Which Operating Systems are you using?

Linux
macOS
Windows

Python Version

3.10

axolotl branch-commit

main

Acknowledgements

My issue title is concise, descriptive, and in title casing.
I have searched the existing issues to make sure this bug has not been reported yet.
I am using the latest version of axolotl.
I have provided enough information for the maintainers to reproduce and diagnose the issue.

The text was updated successfully, but these errors were encountered:

vip-china · 2024-01-23T09:44:22Z

the same error

winglian · 2024-01-24T23:58:47Z

see #1156 (comment)

zacbrannelly · 2024-01-25T06:23:39Z

Same error and #1156 (comment) didn't fix it. I'm also using mistralai/Mixtral-8x7B-Instruct-v0.1 as a base model.

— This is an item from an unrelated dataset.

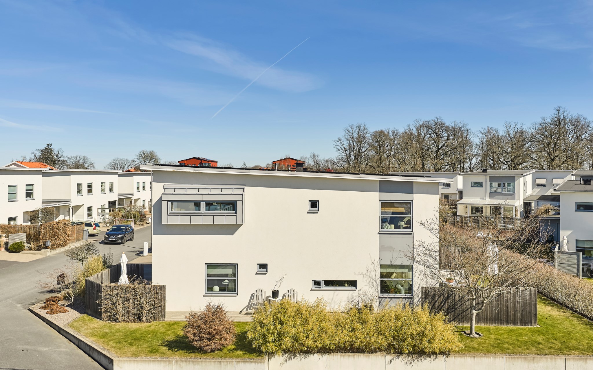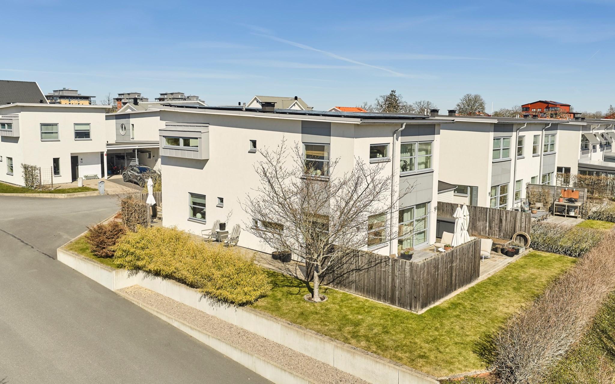 Husen här är byggda 2011 och hyllar den klassiska funkisformen och kunde lika gärna vara byggda på 50- eller 60-talet. Just detta på hörnet med den prassliga bambun är helt fristående med öppen carport och isolerat varmförråd. Ljus puts med skarpt markerade fönster och takkanter som skjuter ut minimalt. Spännande fönstersättning där hörnfönstren också är ett signum för funkisstilen. Den strama exteriören har sin motsats i ett varmt inre där nuvarande ägare bytt golv enhetligt till en ljusare ekparkett. Golvvärme i den gjutna plattan, radiatorer en trappa upp. Vattenburen värme via fjärrvärme.

manishiitg · 2024-01-27T04:24:38Z

@winglian doesnt work still same issue

winglian · 2024-01-27T19:36:27Z

Lora training should be resumed using lora_model_dir

manishiitg · 2024-01-28T03:04:24Z

thats what i tried

i specific the checkpoint path in lora_model_dir but still the exact same error

winglian · 2024-01-28T03:19:24Z

did you unset resume_from_checkpoint?

manishiitg · 2024-01-28T08:14:03Z

if i unset resume_from_checkpoint, i dont get the error again but the training start from epoch zero.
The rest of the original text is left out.